1. Regular PM, Hedd A, Montevecchi WA, 2011 Fishing in the Dark: A Pursuit-Diving Seabird Modifies Foraging Behaviour in Response to Nocturnal Light Levels. PLoS ONE 6(10): e26763. doi:10.1371/journal.pone.0026763.
The CEH Law applies: the more detail in the observations, the less talk about evolution. We should never take any living thing for granted. There is more wonder in a bacterium than we can imagine; how much more in multicellular creatures that can fly, swim, see in near darkness, swarm in tens of thousands while flying in unison, use tools, and teach us how to make helmets. Take a closer look at the birds in your vicinity today.
The woodpecker’s head’s deceleration is incorrect. The PhysOrg article says the speed decreases by about 6 to 7 m/s, but does not mention how long it takes for that speed change to occur.

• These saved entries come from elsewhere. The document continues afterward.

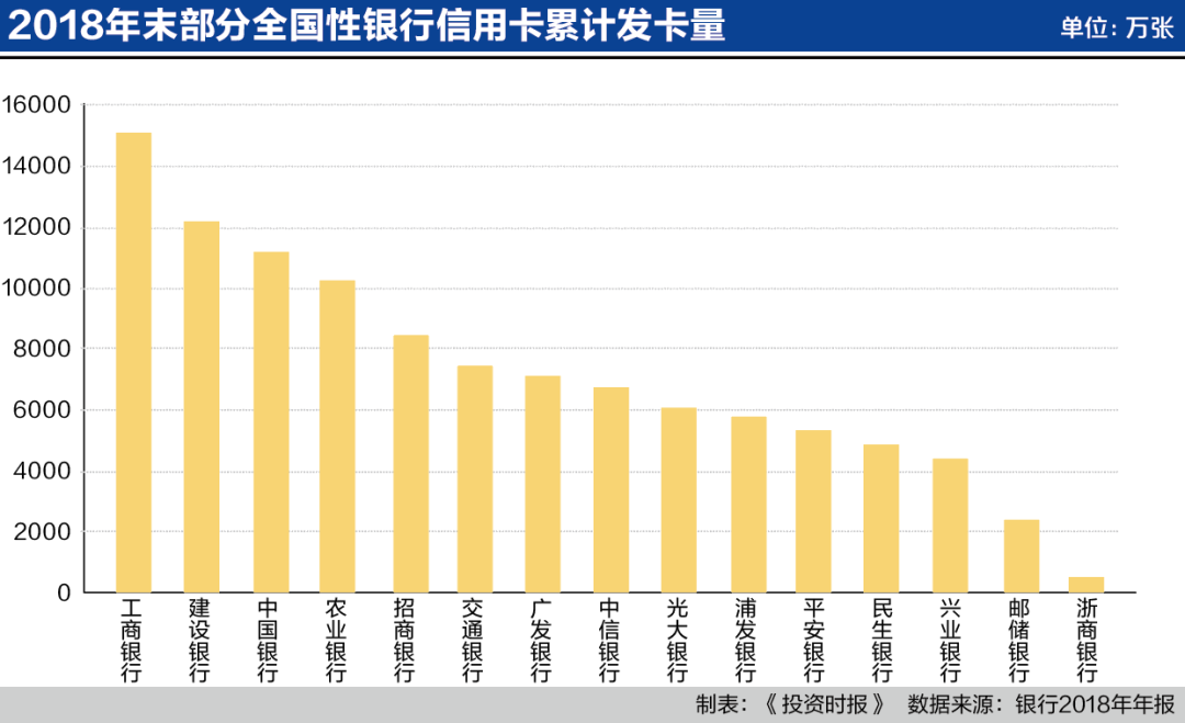 单家银行比较,国有银行中,信用卡累计发卡量最高的为“宇宙第一大行”工商银行,2018年末信用卡发卡量为1.51亿张。同比增速最高的为农业银行,2018年末发卡量10282.06万张,增长21.2%;增速最低的为工商银行,同比仅增长5.6%。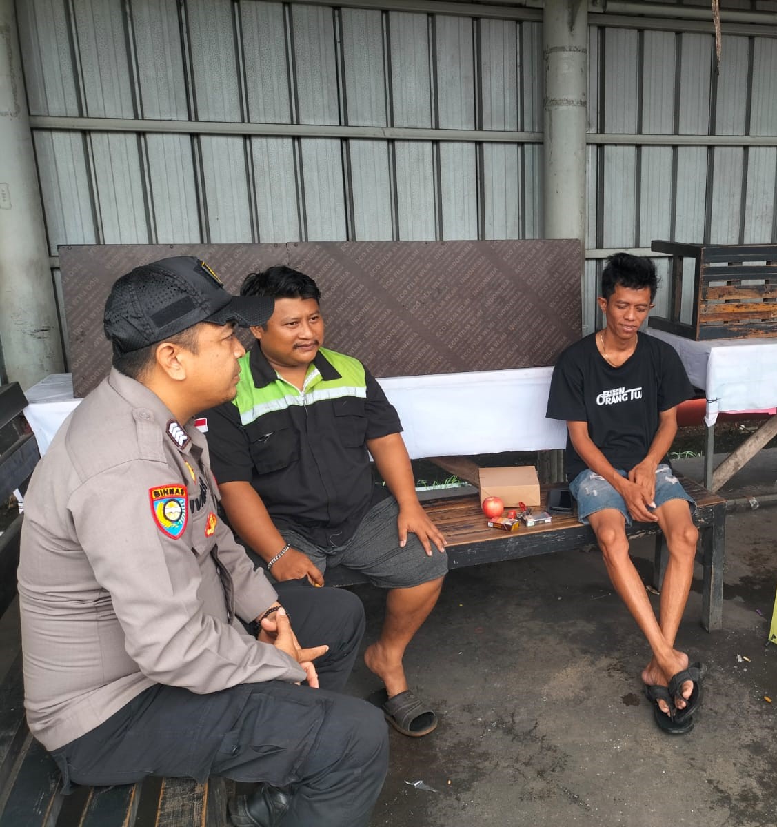 Jalin Silaturahmi, Bhabinkamtibmas Pelabuhan Polsek Kawasan Pelabuhan Banten berbincang ke Buruh Pelabuhan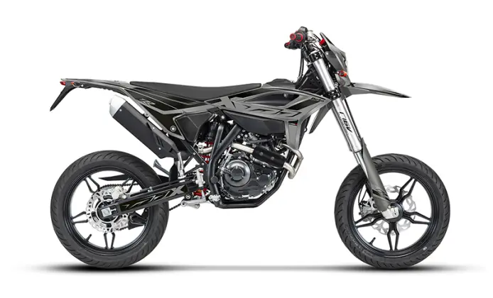 - Schwarze Speichenfelgen: Die edlen Supermoto-Felgen unterstreichen den kompromisslosen Look und sorgen für die nötige Stabilität auf dem Asphalt.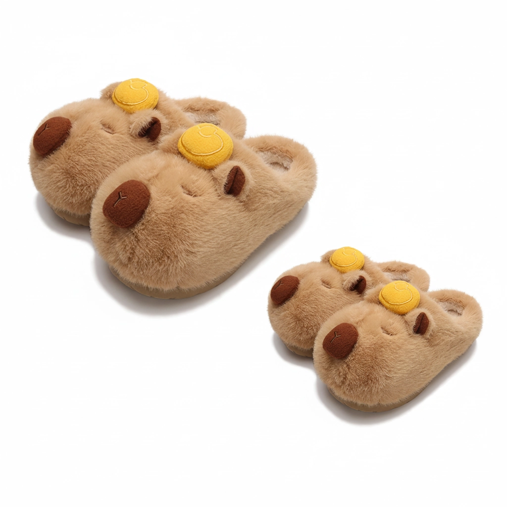 Yuzu Capybara Plush Slippers – Fluffy House Slides with Orange on Head (2 Colors)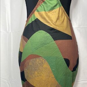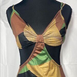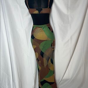 This stunning multicolor cutout maxi dress features a unique design with a blend of earthy tones. Perfect for making a statement at any event.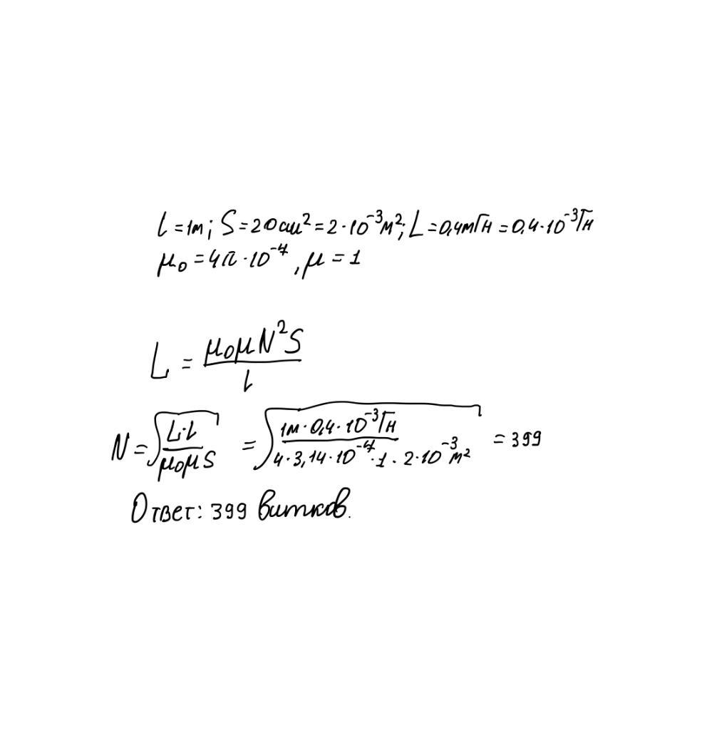 Найти число витков соленоида, если его индуктивность при длине 1 м и площади поперечного сечения 20 см2 равна 0,4 мГн

Therefore, we can’t determine the deceleration. To illustrate how the deceleration might be computed let’s suppose it takes one thousandth of a second (a ballpark figure) for the speed to change. Dividing the speed change by the time gives the average deceleration of 6000 to 7000 m/s/s which is roughly 700 g (700 times the acceleration due to gravity). An article in the Journal of Zoology has suggested decelerations as high as 10000 m/s/s or 1000 g, so our rough calculation here isn’t too far off.